As kids get older, families can encourage them to do a bit more legwork, says Mike Penfield, Charitable Services Group Managing Director, who coaches families about effective philanthropy. When kids are able to explain why their organization is the best choice, he says, they are also learning to make good investments.

 

Start with a Share Check

 

Many families teach philanthropic values by giving each child a “share check”—a check with everything filled in but the recipient. “Any dollar amount works,” says Nathan Dungan, Founder and President of Share Save Spend®.

 

This organization helps youth and adults link their money decisions to their values and provides resources like Money Sanity U®, a subscription-based virtual video library designed to proactively address the topic of money and the role it plays in people’s lives.

 

 

 

By having children choose who receives the donation, parents empower them to make wise choices about where to give. Here are a couple of ways to involve family members in holiday giving:

 

  1. Share Check: Through one small check, children can inherit both a desire to give back to their community and the knowledge of how to do it.

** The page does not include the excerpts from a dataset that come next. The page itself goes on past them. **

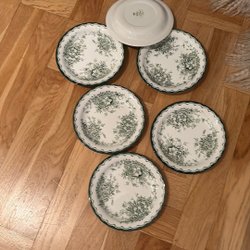 5 stycken Fina tallrikar från Gustavsberg Rörstrand Gröna Anna 24 centimeter i diameter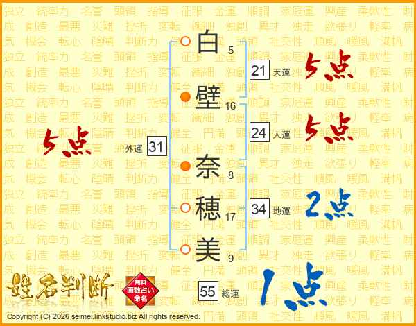 白(5画)壁(16画) 奈(8画)穂(17画)美(9画)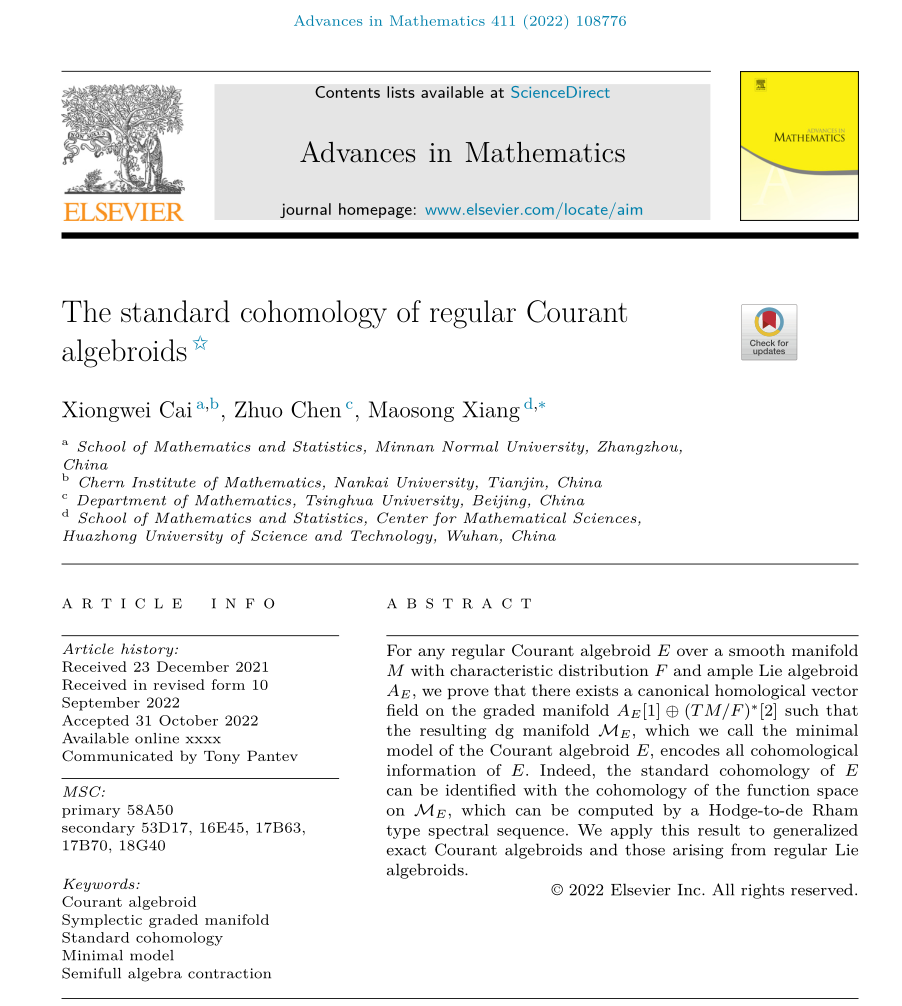 近日,3044永利集团官网成员、数学与统计学院青年教师蔡雄伟博士与清华大学陈酌、华中科技大学向茂松两位老师合作,以第一作者并以我校为第一署名单位在国际顶级数学期刊《Advances in Mathematics》上发表题为《The standard cohomology of regular Courant algebroids》的学术论文。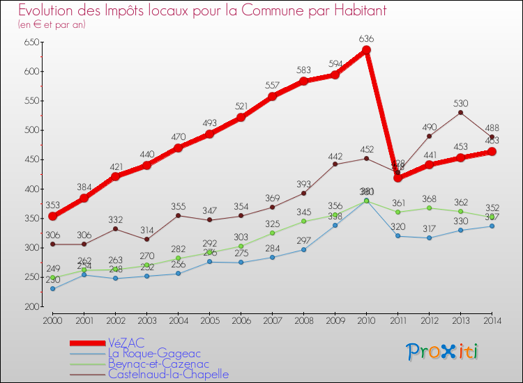 A Vézac, les impôts locaux par habitant ont donc augmentés de 31.16 % entre 2000 et 2014.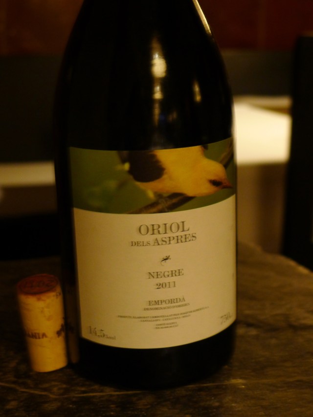 He said, “We wanted to hire local servers from Cadaques.” Well, that’s great, but then train them because when they don’t know the term sommelier – in any of the 3 languages our table spoke – that’s a bad sign. When the second young server didn’t know what cut of meat was on the menu and said, “I don’t know,” that’s a bad sign. How about, “I’ll go find out right away.” Instead, we had to ask her to go find out. What saved the service was the young sommelier. In fact, he ended up being our server because I think he knew we were irritated at the first 2 young women who didn’t know anything. With some coaching, he suggested a great bottle of white which we all very much enjoyed. Here it is: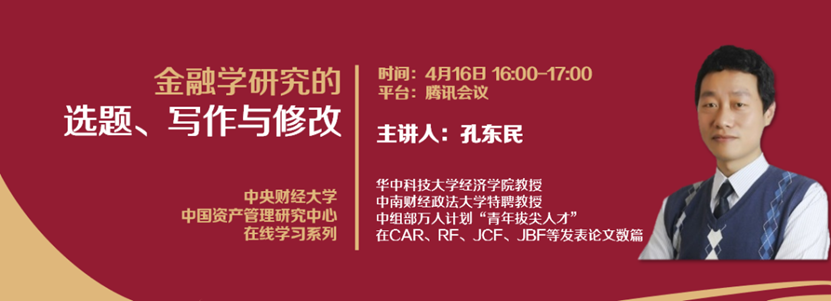 2020年4月16日,由350vip浦京集团官网资产管理研究中心举办的在线学习讲座活动在“腾讯会议”平台成功举办。本次讲座的主题是“金融学研究的选题、写作与修改”,由350vip浦京集团官网研究生院院长、350vip浦京集团官网教授、中国资产管理研究中心主任张学勇老师主持。

Children as young as 5 donate the money to a charity of their choice, such as animal shelters and organizations like Toys for Tots. 
  2. Community Foundation: Older children can become more deeply involved in philanthropy. Teens and adult children who receive larger amounts should first investigate their options. One way to do this is by connecting with donor-advised funds at a community foundation, Penfield says. “The program people know about successful community nonprofits and can steer children in the right direction,” he says.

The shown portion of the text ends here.